[Source material — start]

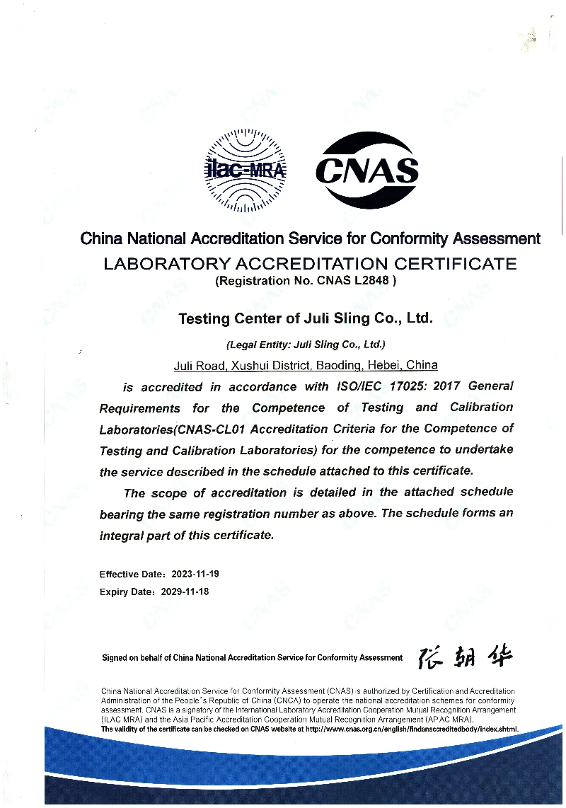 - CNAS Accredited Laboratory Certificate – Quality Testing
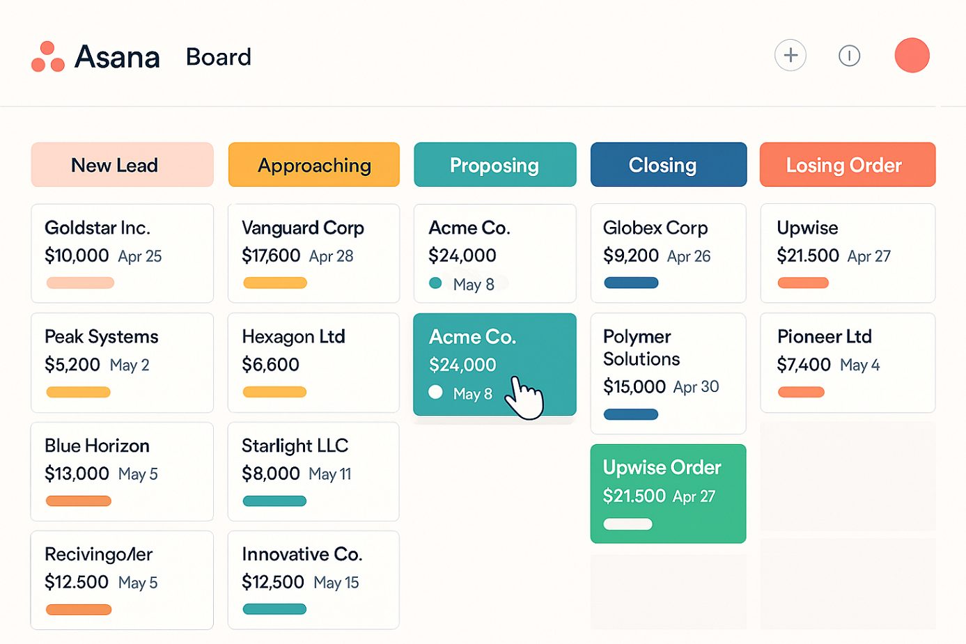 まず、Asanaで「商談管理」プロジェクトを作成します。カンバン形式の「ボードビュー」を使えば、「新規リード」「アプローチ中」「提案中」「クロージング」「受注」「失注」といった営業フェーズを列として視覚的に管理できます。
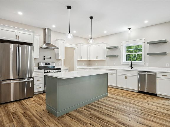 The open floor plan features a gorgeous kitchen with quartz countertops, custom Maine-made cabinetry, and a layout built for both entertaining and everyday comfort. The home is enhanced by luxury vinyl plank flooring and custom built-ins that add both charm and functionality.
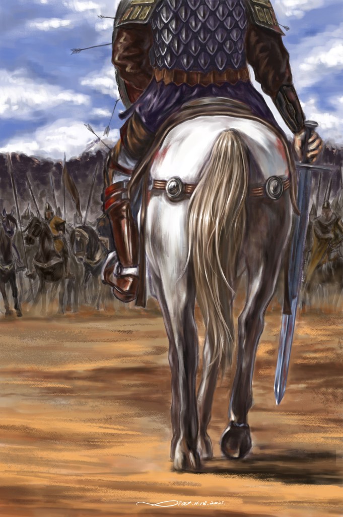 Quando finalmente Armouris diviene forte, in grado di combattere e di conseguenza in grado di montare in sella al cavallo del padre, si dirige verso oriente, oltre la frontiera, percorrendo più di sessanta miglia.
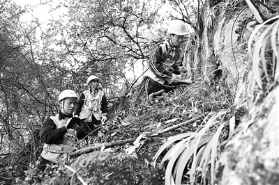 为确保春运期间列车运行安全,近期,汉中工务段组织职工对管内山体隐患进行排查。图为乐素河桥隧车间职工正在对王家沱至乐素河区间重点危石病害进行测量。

[Source material — finish]

• [Exercise goal]: Go through the entries and retype them exactly, except for the images.

• [Solved problem]:
 - CNAS Accredited Laboratory Certificate – Quality Testing
 まず、Asanaで「商談管理」プロジェクトを作成します。カンバン形式の「ボードビュー」を使えば、「新規リード」「アプローチ中」「提案中」「クロージング」「受注」「失注」といった営業フェーズを列として視覚的に管理できます。
 The open floor plan features a gorgeous kitchen with quartz countertops, custom Maine-made cabinetry, and a layout built for both entertaining and everyday comfort. The home is enhanced by luxury vinyl plank flooring and custom built-ins that add both charm and functionality.
 Quando finalmente Armouris diviene forte, in grado di combattere e di conseguenza in grado di montare in sella al cavallo del padre, si dirige verso oriente, oltre la frontiera, percorrendo più di sessanta miglia.
 为确保春运期间列车运行安全,近期,汉中工务段组织职工对管内山体隐患进行排查。图为乐素河桥隧车间职工正在对王家沱至乐素河区间重点危石病害进行测量。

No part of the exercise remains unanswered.